[[ Exercise inputs, beginning ]]
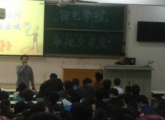 4月10日,物电学院“第七届大学生职业生涯规划大赛开幕式”在9T1教室举行。上届特等奖选手中文学院的梁腊梅同学和政法学院的田庆辉同学为物电学院14级的同学作了参赛经验交流发言。团学分会主席团,各部门部长参加了活动,院团总支书记张恒道出席了会议。
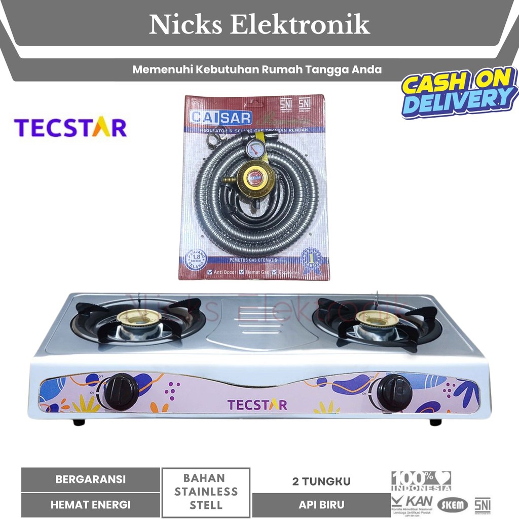 [] TECSTAR KOMPOR STAINLESS STEEL PAKET + SELANG + REGULATOR (2 TUNGKU) GARANSI RESMI
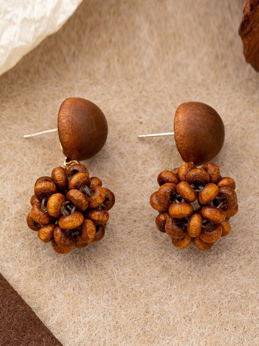 Cercei vintage pentru femei cu con de pin din lemn S925, argint
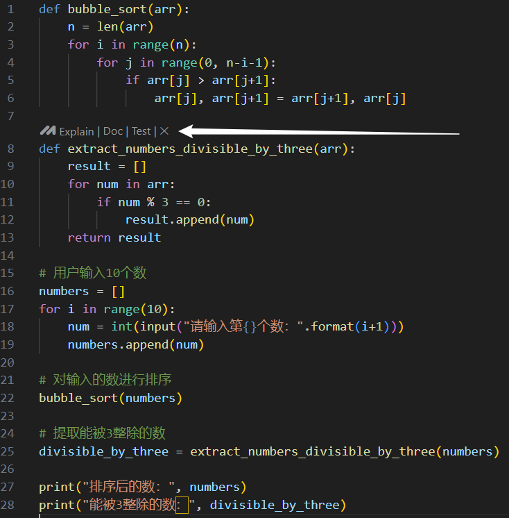 可以说有了豆包MarsCode,就再也不用担心看不懂代码了。基于大型语言模型强大的理解和生成能力,豆包MarsCode 能快速精准地解释项目代码。如上图中白色箭头所指示的位置,只需点击一下 Explain,豆包MarsCode 就能快速地为我们提供对这一函数的详细解释:
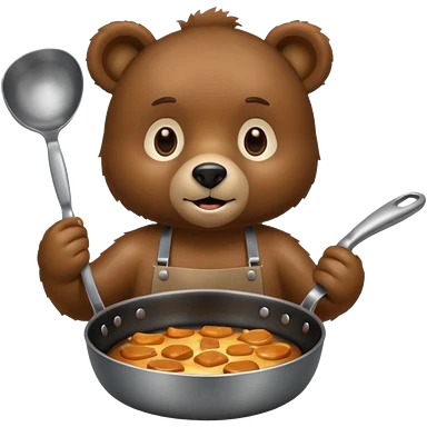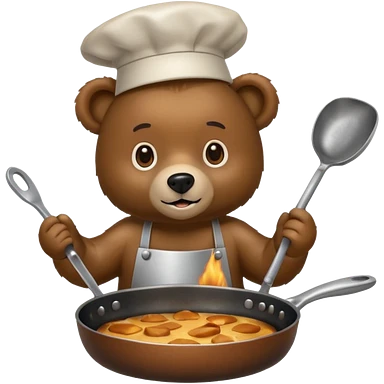 A bear cooking an iphone in a frying pan emoji
[[ Exercise inputs, end ]]
» Problem: Please transcribe the lines from the one containing "Cercei vintage pentru" to the last line of the listing, both included, exactly and with nothing added, leaving every picture out.

» Written answer:
 Cercei vintage pentru femei cu con de pin din lemn S925, argint
 可以说有了豆包MarsCode,就再也不用担心看不懂代码了。基于大型语言模型强大的理解和生成能力,豆包MarsCode 能快速精准地解释项目代码。如上图中白色箭头所指示的位置,只需点击一下 Explain,豆包MarsCode 就能快速地为我们提供对这一函数的详细解释:
 A bear cooking an iphone in a frying pan emoji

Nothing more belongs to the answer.